Wilson never doubted it was America’s duty to save the world, and during his eight years as instrument of divine will in office as president of the United States, he sent American troops to Cuba, Haiti, Nicaragua, the Dominican Republic, and Mexico “to teach the South American republics to elect good men.” In the immediate aftermath of the Bolshevik Revolution, Wilson dispatched troops briefly to Russia to defend its people against the communism proscribed by Robert Lansing, Wilson’s secretary of state, as “the most hideous and monstrous thing that the human mind has ever conceived,” refuge of “the criminal, the depraved, and the mentally unfit.”
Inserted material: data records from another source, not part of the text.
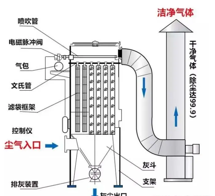 含塵氣體由風(fēng)機(jī)通過吸塵管吸入箱體,進(jìn)入濾袋過濾,粉塵顆粒被濾袋阻留在表面,經(jīng)過過濾的凈化氣體由出風(fēng)口排出,可直接排放在室內(nèi)循環(huán)使用,也可根據(jù)需要排出室外。整個除塵過濾是一個重力,慣性力,碰撞,靜電吸附,篩濾等綜合效應(yīng)的結(jié)果。除塵器連續(xù)工作一段時間后,濾袋表面的粉塵不斷增加,繼而進(jìn)行清灰,粉塵抖落在集塵器(抽屜)中,再由人工進(jìn)行處理 。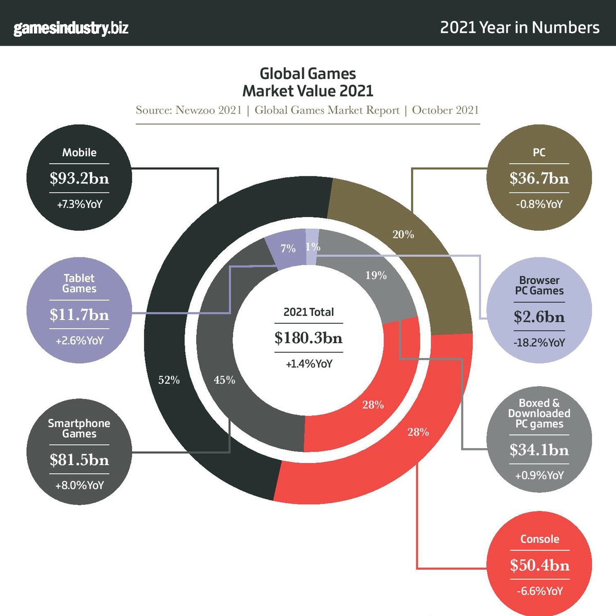 Редакция GamesIndustry опубликовала ежегодную инфографику, описывающую состояние игровой индустрии. В 2021 году ее выручка увеличилась на 1.4% и достигла $180.3 миллиарда.
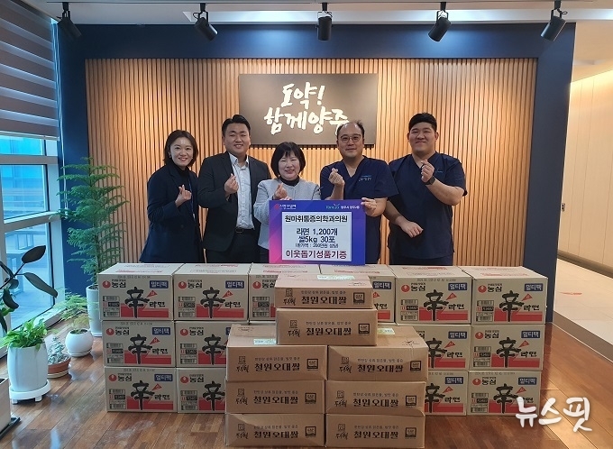 (뉴스핏 = 박선화 기자) 양주시 양주2동은 지난 11일 원마취통증의학과의원(원장 김도원)에서 2024년 새해를 맞이해 어려운 이웃에게 전달해 달라며 라면 1200개와 쌀 5kg 30포를 기부했다고 밝혔다.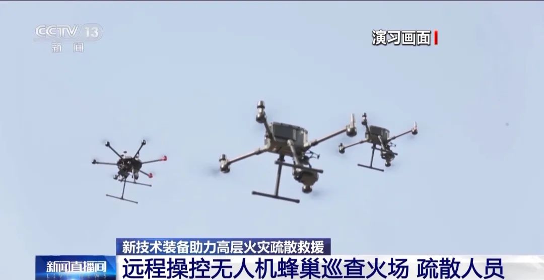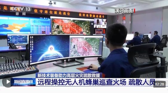 演习模拟太原一处34层高的商业综合体发生火灾,大量人员被困7层的疏散平台。接到报警后,指挥中心第一时间远程操控无人机蜂巢,多机编队迅速前往火灾地点进行巡查。了解现场火情和周边道路等实时信息,通过无人机广播指导火场人员正确逃生,疏散危险区群众。同时将现场视频信号实时传回指挥中心,迅速制定救援方案,实时指挥救援。
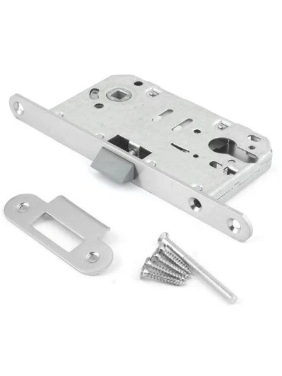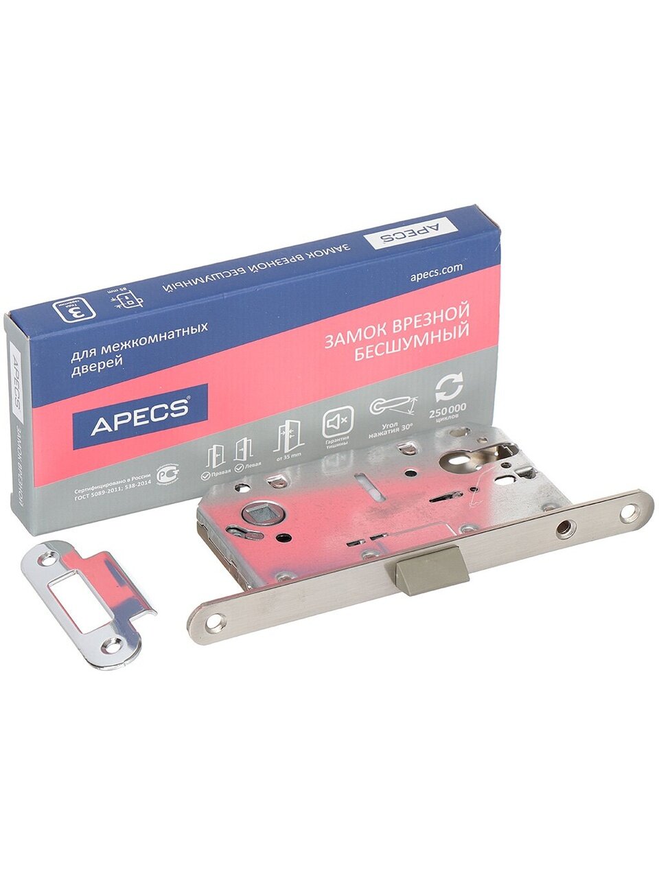 Врезной замок Apecs - полноразмерная защёлка для деревянных межкомнатных дверей с бесшумным пластиковым язычком. Превосходное качество покрытия, точность изготовления деталей, точность сборки, и современная конструкция замка дают высочайшие показатели работоспособности, превышающие самые высокие требования ГОСТ. В комплект необходимо будет подобрать цилиндровый механизм, длина которого будет зависеть от толщины двери.

The Fourteen Points of good behavior that Wilson brought to the Paris Peace Conference pledged America to consequences foreseen by John Quincy Adams, who spoke as secretary of state in 1821 against sending the U.S. Navy to dismantle Spain’s colonial empire in Colombia and Venezuela. America, he said, “goes not abroad in search of monsters to destroy.” Were the country to embark on such a foolish adventure,
she would involve herself, beyond the power of extrication, in all the wars of interest and intrigue, of individual avarice, envy, and ambition, which assume the colors and usurp the standard of freedom. The fundamental maxims of her policy would insensibly change from liberty to force. She might become the dictatress of the world; she would no longer be the ruler of her own spirit.
So it has come to pass. America, the dictatress of the world, no longer the ruler of her own spirit, which passes out of the hands of its people and society into the safekeeping of the state.